Copy out exactly the lines spanning the line with "female, apple, fruit" to the line with "Vaduz - Mit", inclusive, from the data underneath, with no pictures.

=== The records ===

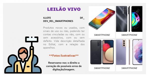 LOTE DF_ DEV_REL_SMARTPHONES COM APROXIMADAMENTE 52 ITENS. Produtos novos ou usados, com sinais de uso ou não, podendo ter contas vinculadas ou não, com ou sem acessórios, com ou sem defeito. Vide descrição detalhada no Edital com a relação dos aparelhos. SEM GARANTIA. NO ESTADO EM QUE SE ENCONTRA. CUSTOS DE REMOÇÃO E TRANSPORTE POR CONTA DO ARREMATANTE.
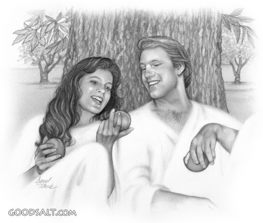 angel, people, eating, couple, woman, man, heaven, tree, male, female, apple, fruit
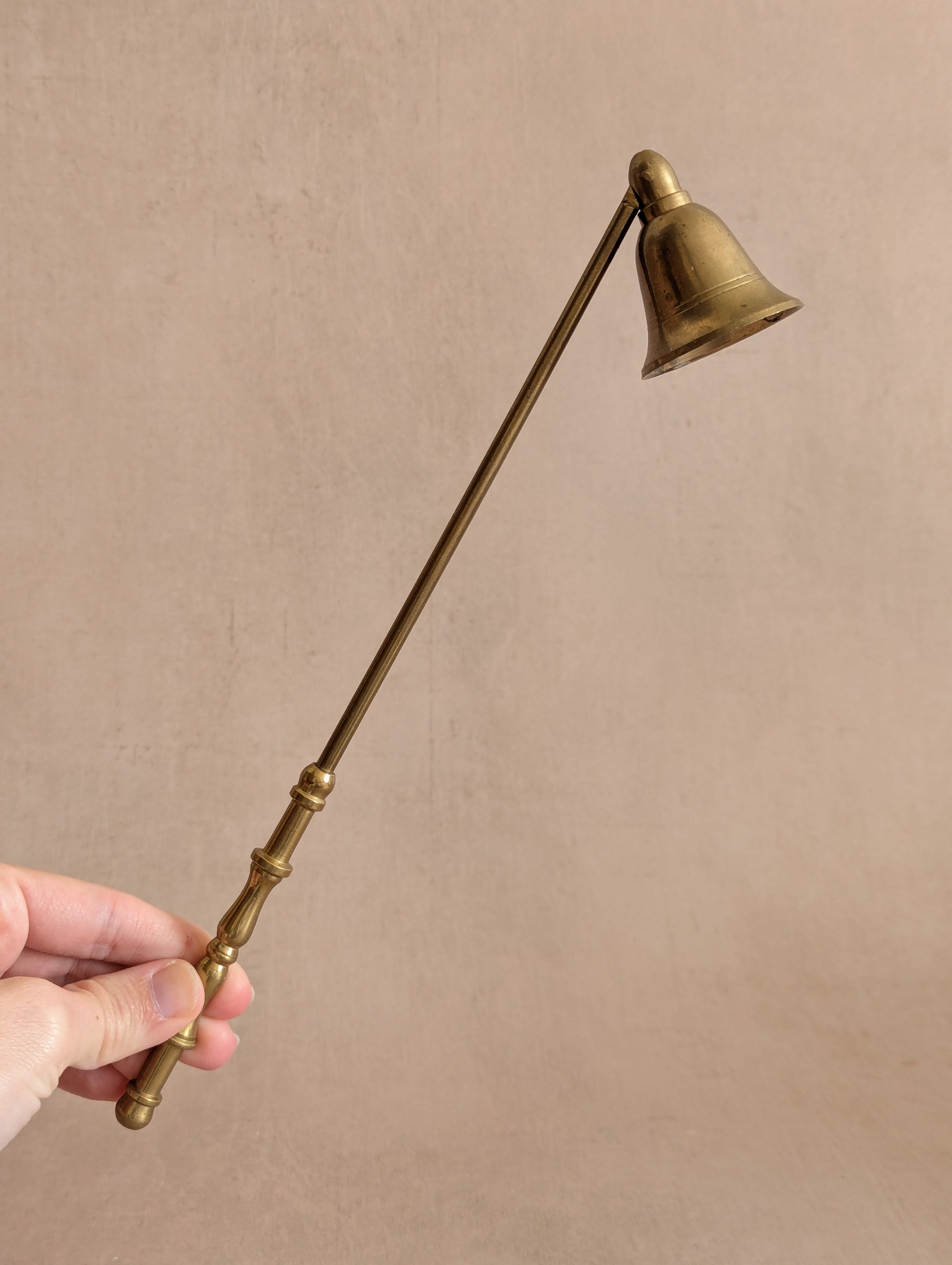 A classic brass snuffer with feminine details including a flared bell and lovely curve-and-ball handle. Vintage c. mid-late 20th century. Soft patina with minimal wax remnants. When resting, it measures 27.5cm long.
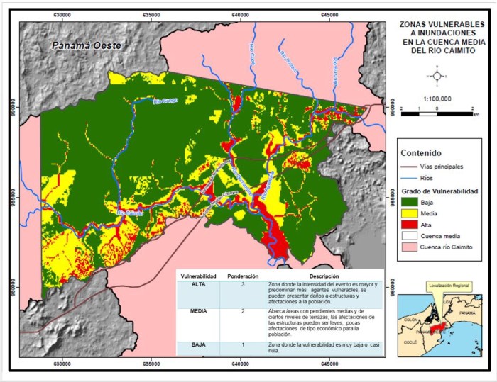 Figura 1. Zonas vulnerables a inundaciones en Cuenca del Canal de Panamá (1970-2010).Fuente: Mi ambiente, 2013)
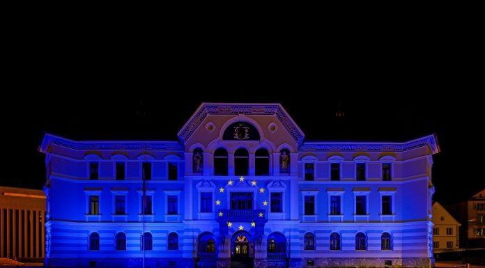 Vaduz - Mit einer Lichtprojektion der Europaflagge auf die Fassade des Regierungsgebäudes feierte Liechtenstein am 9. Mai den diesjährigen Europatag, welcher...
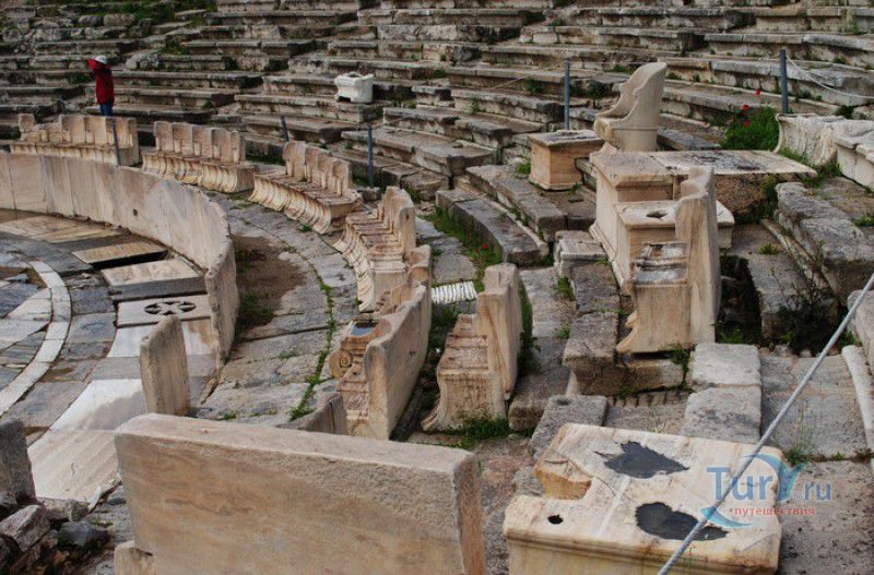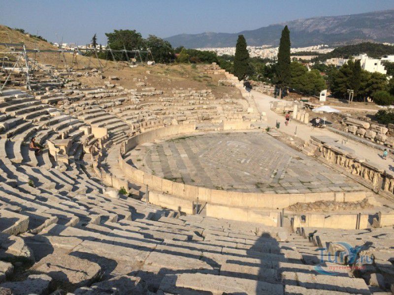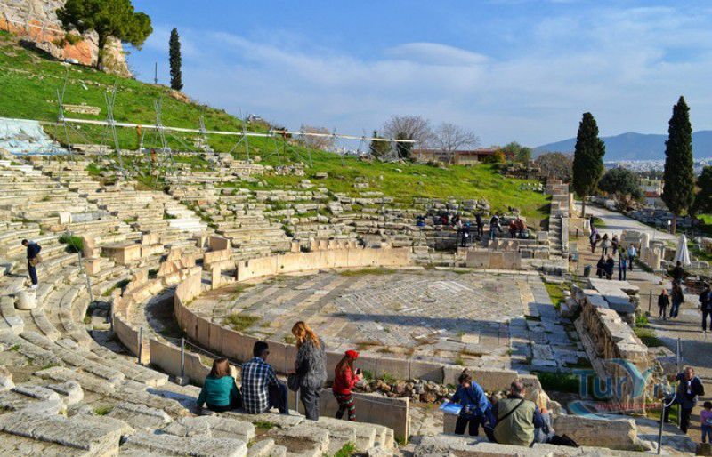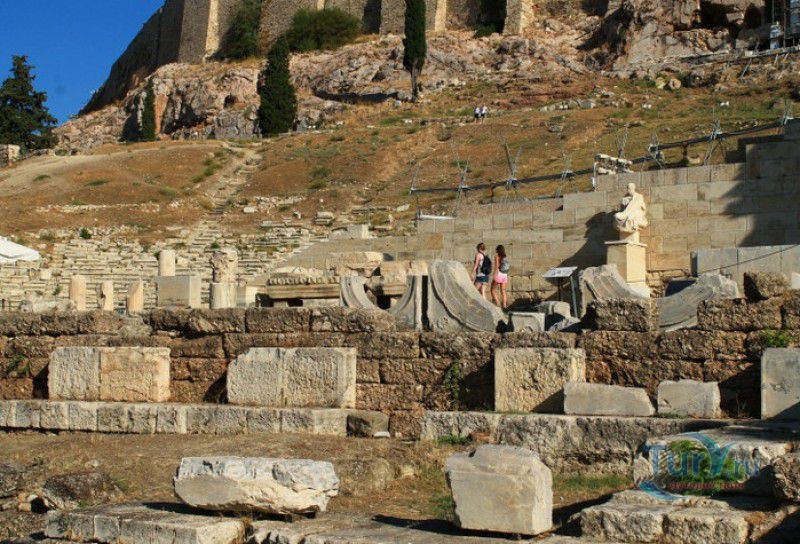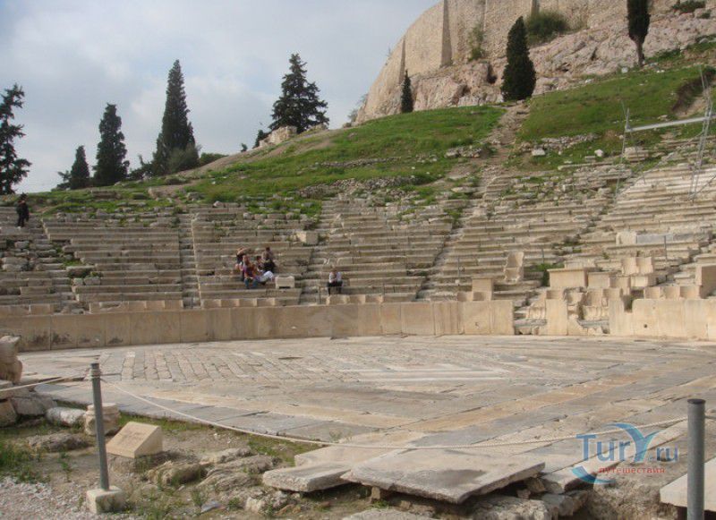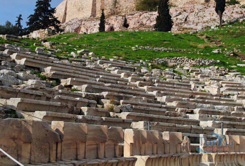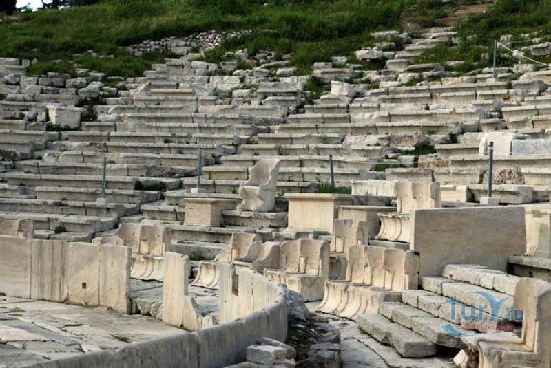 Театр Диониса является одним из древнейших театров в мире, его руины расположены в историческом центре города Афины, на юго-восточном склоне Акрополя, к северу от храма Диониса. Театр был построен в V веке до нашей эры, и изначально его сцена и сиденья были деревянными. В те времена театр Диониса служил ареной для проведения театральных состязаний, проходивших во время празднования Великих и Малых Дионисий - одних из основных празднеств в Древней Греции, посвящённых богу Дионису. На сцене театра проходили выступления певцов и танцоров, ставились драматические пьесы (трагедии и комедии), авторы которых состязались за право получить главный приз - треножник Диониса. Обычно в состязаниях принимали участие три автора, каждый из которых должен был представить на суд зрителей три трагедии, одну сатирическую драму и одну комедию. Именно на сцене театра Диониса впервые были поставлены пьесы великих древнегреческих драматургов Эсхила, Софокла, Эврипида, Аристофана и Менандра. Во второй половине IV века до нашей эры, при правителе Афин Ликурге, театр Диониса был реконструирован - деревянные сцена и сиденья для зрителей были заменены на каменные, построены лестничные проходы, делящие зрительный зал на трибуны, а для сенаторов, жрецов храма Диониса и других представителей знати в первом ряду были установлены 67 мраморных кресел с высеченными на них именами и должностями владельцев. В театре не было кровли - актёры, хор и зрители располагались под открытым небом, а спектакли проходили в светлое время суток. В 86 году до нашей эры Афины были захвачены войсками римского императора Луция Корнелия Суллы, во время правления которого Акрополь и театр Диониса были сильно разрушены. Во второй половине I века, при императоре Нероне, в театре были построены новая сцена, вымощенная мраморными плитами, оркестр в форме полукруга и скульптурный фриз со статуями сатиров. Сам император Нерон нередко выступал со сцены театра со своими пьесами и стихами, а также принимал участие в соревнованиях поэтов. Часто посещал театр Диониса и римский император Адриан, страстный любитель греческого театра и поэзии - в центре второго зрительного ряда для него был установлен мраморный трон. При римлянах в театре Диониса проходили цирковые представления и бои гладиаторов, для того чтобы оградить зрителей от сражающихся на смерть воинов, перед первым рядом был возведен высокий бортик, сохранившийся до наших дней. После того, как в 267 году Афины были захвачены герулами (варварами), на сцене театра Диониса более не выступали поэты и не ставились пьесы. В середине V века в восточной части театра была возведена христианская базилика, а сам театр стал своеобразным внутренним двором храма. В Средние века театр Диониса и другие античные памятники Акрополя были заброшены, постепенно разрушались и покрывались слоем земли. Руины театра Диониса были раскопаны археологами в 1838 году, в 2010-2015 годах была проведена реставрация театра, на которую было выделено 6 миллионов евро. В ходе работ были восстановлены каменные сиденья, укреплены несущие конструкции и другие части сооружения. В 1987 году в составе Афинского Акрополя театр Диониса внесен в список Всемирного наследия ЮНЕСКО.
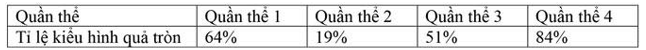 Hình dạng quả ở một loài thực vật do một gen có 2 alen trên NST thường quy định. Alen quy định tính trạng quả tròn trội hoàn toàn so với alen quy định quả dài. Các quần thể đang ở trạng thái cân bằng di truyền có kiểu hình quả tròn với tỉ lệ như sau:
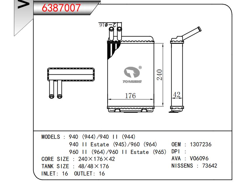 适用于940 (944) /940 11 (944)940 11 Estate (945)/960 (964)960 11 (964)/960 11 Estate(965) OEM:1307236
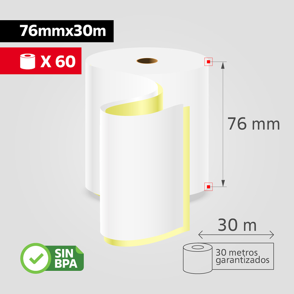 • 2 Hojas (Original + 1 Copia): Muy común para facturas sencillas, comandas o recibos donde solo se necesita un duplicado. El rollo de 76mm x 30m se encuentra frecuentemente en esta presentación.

===

:: Expected answer ::
 angel, people, eating, couple, woman, man, heaven, tree, male, female, apple, fruit
 A classic brass snuffer with feminine details including a flared bell and lovely curve-and-ball handle. Vintage c. mid-late 20th century. Soft patina with minimal wax remnants. When resting, it measures 27.5cm long.
 Figura 1. Zonas vulnerables a inundaciones en Cuenca del Canal de Panamá (1970-2010).Fuente: Mi ambiente, 2013)
 Vaduz - Mit einer Lichtprojektion der Europaflagge auf die Fassade des Regierungsgebäudes feierte Liechtenstein am 9. Mai den diesjährigen Europatag, welcher...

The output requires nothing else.